The best-selling orchestral music album of all time is Miles Davis ‘ 1959 song Kind of Blue. Because the music-buying public is naturally suspicious of jazz, Kind of Blue is the kind of jazz that ca n’t tolerate jazz fans. When he convened a six-piece for two meetings at Columbia Records ‘ 30th Street Studio in March and April 1959, Davis did not intend this to happen. Music was then still young enough to pursue Ezra Pound’s 1934 tips,” Make it new,” but also old enough to possess the method and self-consciousness to do it.
James Kaplan’s 3 Shades of Blue is a careful consideration of the movie’s causes and effects. There are not enough textbooks about music, America’s art form. There ought to be more books like 3 Shades of Blue, which skilfully combines artistic history with musings on cultural background, cleverly interwoven biographies, and a hefty jump of music idea.
Kaplan’s three colors, Davis, Coltrane, and Evans, are accompanied by a third, the shadow of Charlie Parker, the Banquo of the show who laid out the rhythmic supper of Bebop in the 1940s and died of drug and alcohol abuse in 1955. Parker was primarily taught the traditional methods of wood shedding and blocking. But was Coltrane, who spent decades playing rhythm and blues. The Coltrane of the 1960s transformed the split-tone howling of bar-walking 1940s honkers like Illinois Jacquet into proof of religious sincerity in what was both a talent or a sleight of hand. But Davis and Evans went to college, and it shows.
Ellington had drawn on Ravel and Debussy. Parker, Kaplan writes, “adored Bach, Beethoven, Chopin, and Debussy, and reformers quite as Bartók, Stravinsky, Shostakovich, and Schoenberg”. Aged 18, Davis moved to New York City to get nearer to Parker and Dizzy Gillespie, and study Western art music at Juilliard. When Gillespie tired of Parker’s medicine- addled “minstrelsy” on the show, Parker brought in Davis. This shocked people, Davis included. Gillespie was quick and powerful. Davis took the Parker idiom so seriously that he wrote” Donna Lee,” which is typically referred to as Parker’s quintessence, but Davis ‘ natural register was lower and more lyrical. Parker’s impulse was right. He had seen” a stone in the rough” in 1955 when Davis may have done the same.

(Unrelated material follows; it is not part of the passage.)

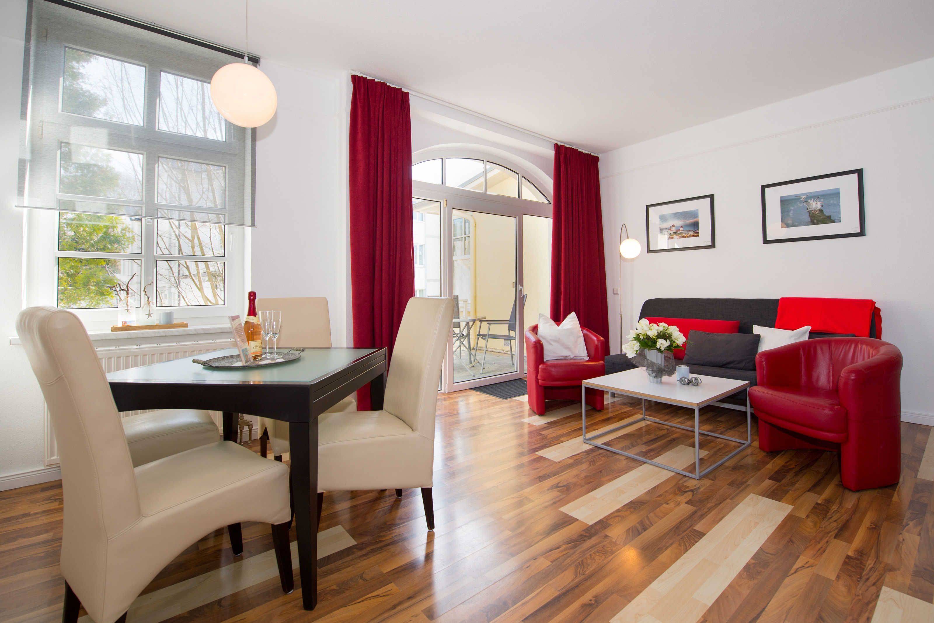Die Ferienwohnung befindet sich im 1. Obergeschoss eines Appartementhauses und ist 65 qm groß. Sie wurde modern und komfortabel eingerichtet und bietet maximal 4 Erwachsenen Raum für einen erholsamen Urlaub. Über den Flur mit Garderobe gelangen Sie direkt in den Wohnbereich. Im hell und stilvoll eingerichteten Wohnraum stehen eine Schlafcouch, Sessel und Tisch sowie Schränke, Radio und ein moderner Flachbild-TV. In der separaten kleinen Küche stehen Ihnen ein Herd mit Cerankochfeld, Spülmaschine, Mikrowelle, Kühlschrank, Toaster, Kaffeemaschine, ein externer Backofen sowie ein Wasserkocher zur Verfügung.

The white Canadian arranger Gil Evans ( no relation to Bill ) developed a similar two-track development as a working jazz student and a working jazz musician. By 1948, Davis was part of a group that met at Evans’s room house on West 55th Street. The other Evans team included the tenor saxophonist Gerry Mulligan, the pianist John Lewis ( who had observed the Modern Jazz Quartet in 1952 ), and George Russell, the mixed- race composer and “brilliant musical theorist” who, Kaplan writes, was “destined to transform jazz, yet fated to be all but unknown”, at least to the public. Russell composed with little chording. Instead of the singer tracking the song changes, which had become boring and electrical in Bebop, he assigned a method, a series of notes. In 1947, Dizzy Gillespie recorded Russell’s” Cubana Be/Cubana Bop”. In 1950, Artie Shaw recorded his” Similau”. However, Davis ‘ music only became fully aware of the full implications of the modal revolution after almost ten years.

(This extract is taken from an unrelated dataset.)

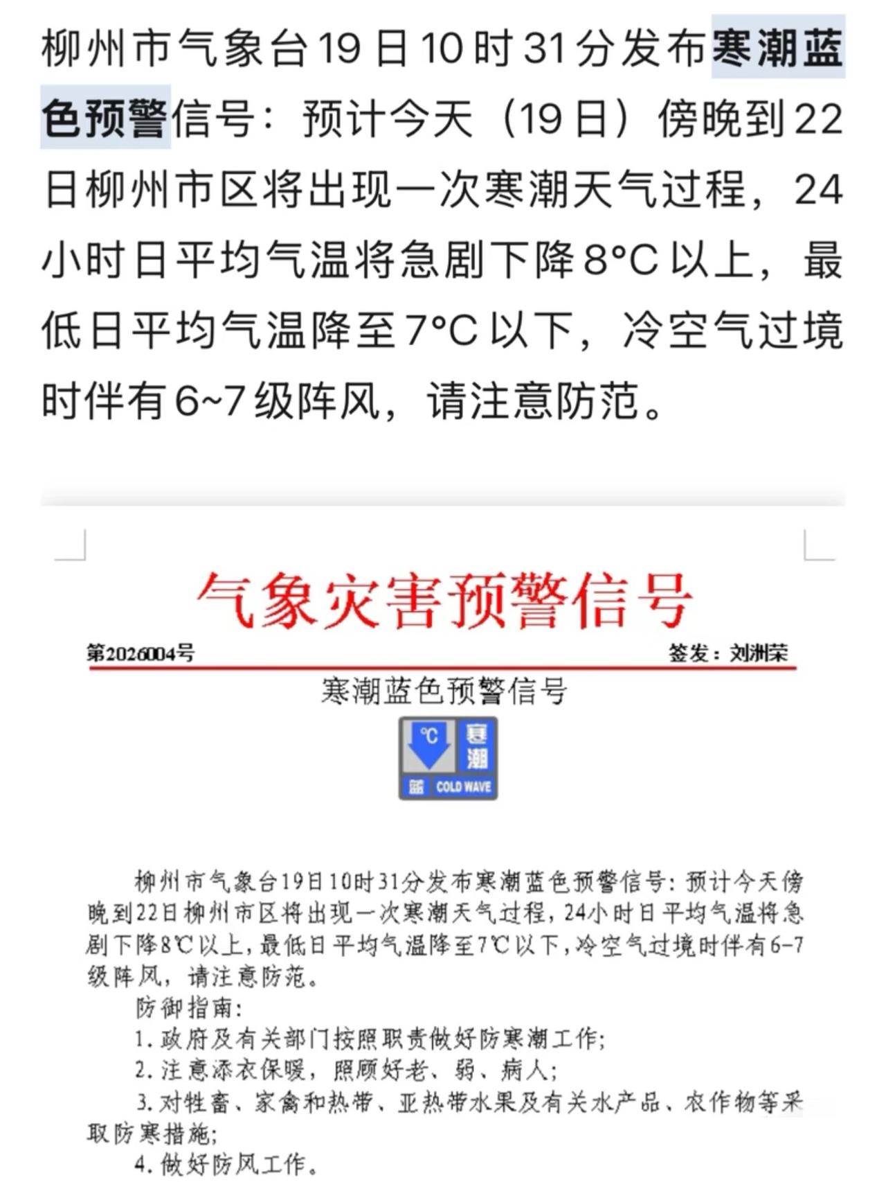 柳州即将开启“速冻”模式‼️ 从19日晚开始,柳州的气温将大幅跳水,最低气温高寒山区可达-6℃。不仅如此,北部高寒山区还会有雪哦,冻雨、道路结冰也会随之而来,大部地区还有6~7级偏北大风。这天气可太冻人了,秋裤赶紧安排上。

Mulligan and Lewis were the two musicians who produced a nine-piece in 1949 that featured Gil Evans and Davis, and the majority of the compositions were influenced by Gil Evans and George Russell‘s style. A kind of chamber Bebop, the sessions were issued in 1957 as The Birth of the Cool. In the same year, Davis, having shed a four- year heroin addiction, found a way out of the frantic Bebop chording and worked his way into the West Coast” cool” scene. After that, he returned to the bluesy fundamentals of Hard Bop with Walkin‘.
Sound- wise, Walkin’ , set the spacious, swinging template for Kind of Blue. On the Milestones album, Bill Evans pushes Davis further toward the open feel of modal improvisation when he joined Davis ‘ quintet on piano in 1958. No one realized what was about to happen when Davis ‘ group met at 30th Street Studio on March 2, 1959, for a project Columbia Records labeled Project B 43097, just as none of the Casablanca creators did not realize they were creating a masterpiece.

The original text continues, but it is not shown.